“A stream of which I do not know the name enters the San Maladrino just beyond the hills mentioned, and leads to the southward. It passes through the first forest and is broad and deep. Hiding in the forest the first day, I cautiously paddled my canoe up this stream the next night and passed a portion of the plain until I reached a smaller tributary entering from the left. This tributary flows through the most fertile and most thickly inhabited portion of the Indian lands. At the first junction I turned to the right and paddled along until I could go no further by boat. So, secreting my canoe in some bushes, I walked during the following night to the valley which we had before visited, and which lies in the uplands near to the edge of the great mountain forest. This tangled woodland favored me, for in it I hid securely by day, while at night I searched for diamonds in my valley.
“I found many stones, and some of extraordinary size and beauty, but was greatly retarded in my discoveries by the dimness of the light. The forest shaded the valley part of the time, and only for a brief two hours each night was the light of the moon directly upon the slight depression where I labored.

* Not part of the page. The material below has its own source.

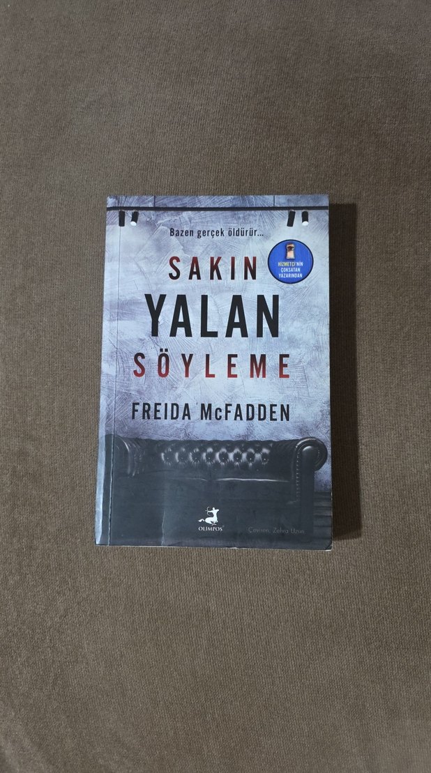 Freida McFadden'in "Sakın Yalan Söyleme" adlı romanı, gerilim dolu anlar ve gerçekleri konu alıyor. Kapağında koyu renkli bir koltuk yer alıyor. Başka bir uygulamadan ikinci el olarak aldım. Okudum ve satıyorum. Orjinal. Resimlerde görüldüğü gibidir. REZERVEDİR. LÜTFEN ALIM YAPMAYINIZ...............

“And now I have been three weeks hidden in the heart of the San Blas district, and no one has observed me as yet. I have secured almost three quarts of superb diamonds—a fortune so enormous that I am considering a speedy return to civilization. Meantime, I have employed some of my leisure moments in writing this history in my book.”
CHAPTER VII
THE FOLLY OF THE WISE
No one had interrupted Duncan Moit as he read clearly and slowly the above interesting story, but as he paused at the close of the last paragraph I have recorded we gave some sighs of wonder and admiration and looked at one another curiously to see what impression the “history” was making.
“Go on!” cried Uncle Naboth, eagerly. “That can’t be all.”
“No,” answered the inventor, “it is not all. But it seems to cover the period of the first writing. The other entries are more hurried and more carelessly inscribed.”
“Is the map he mentions there?” I asked.
“Yes. It is badly drawn, for an engineer, but sufficiently clear, I imagine, to enable one to follow it with ease.”